Methodology: Historical BESS Revenue Simulation

Our proprietary optimisation engine demonstrates how to maximise revenue for Battery Energy Storage Systems (BESS) by running powerful simulations against historical data from the Great Britain (GB) electricity markets. The strategy is built on a sophisticated two-stage mathematical model that backtests a robust and flexible approach to energy trading, showing the full potential revenue available on previous dates.

Stage 1: Day-Ahead (DA) Strategic Optimisation

The first stage establishes an optimal 24-hour trading plan by analysing the historical Day-Ahead market data for a selected day. This process simulates the perfect foresight a BESS operator would have had at the start of the trading day.

Key Activities:

  • Co-optimisation of Revenue Streams: The model simultaneously evaluates historical prices for energy arbitrage (charging when prices were low, discharging when high) and ancillary services like Dynamic Containment to determine the most profitable combination of actions.
  • Dynamic Opportunity Cost Analysis: For any 4-hour block, the model calculates the potential arbitrage profit using actual historical prices. It then compares this to the ancillary service revenue available in the same period, selecting the service only if its revenue exceeded the opportunity cost.

Stage 2: Intraday (ID) Tactical Refinement

This stage simulates how an operator could have capitalised on price movements closer to the time of delivery, using the optimal Day-Ahead schedule as a baseline.

Key Activities:

  • Historical Price Refinement: The model analyses the actual price movements in the Intraday market for the same historical period, identifying new profit opportunities that were unknown at the time of the Day-Ahead auction.
  • Capturing Additional Value: It simulates the execution of profitable trades based on these Intraday price signals, reacting to historical market events to generate additional revenue on top of the DA plan.
  • Ensuring Compliance: Throughout the simulation, all tactical adjustments respect the commitments made in the Day-Ahead stage and adhere to the battery's physical limitations, providing a realistic assessment of potential earnings.

Core Features & Benefits

Holistic Revenue Stacking

By simulating a co-optimisation strategy, we demonstrate how a battery’s full potential can be utilised, stacking revenues in a way a single-market model cannot.
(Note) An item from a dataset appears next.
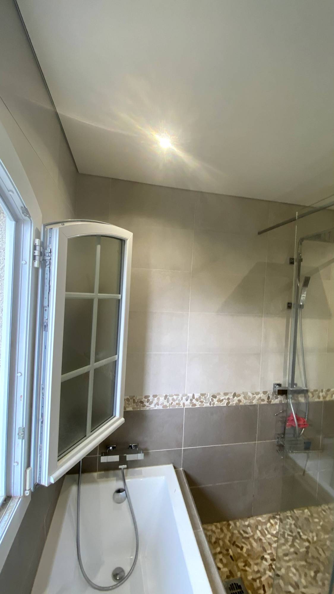 C'est pourquoi, après nous avoir consultés et eu connaissance des nombreux avantages du plafond tendu BARRISOL, ils nous ont sollicités pour la pose d'une toile tendue pour leur salle de bains (et cuisine). L'aspect blanc mat choisi pour ces 2 pièces rénove parfaitement leur intérieur tout en gardant un côté sobre et traditionnel, comme le placo plâtre peint.
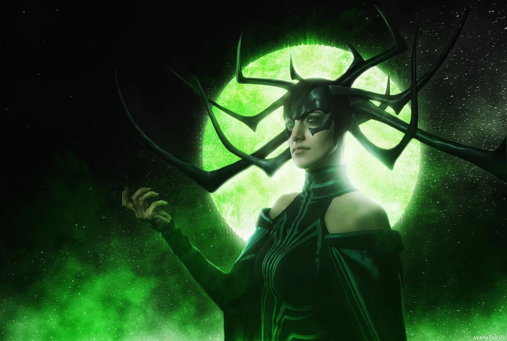The image features a character that resembles Hela from the Marvel

Demonstrated Profitability

The two-stage simulation demonstrates a strategy that combines a day-ahead plan with intraday agility, providing a clear picture of balanced risk and reward.

Asset Health and Integrity

The optimisation is governed by constraints that reflect the battery's physical characteristics, ensuring the simulated strategy is both profitable and sustainable.

Technical Foundation

Our model is built using Pyomo, a powerful Python-based optimisation modelling language, and leverages high-performance solvers to find the optimal schedule under complex conditions.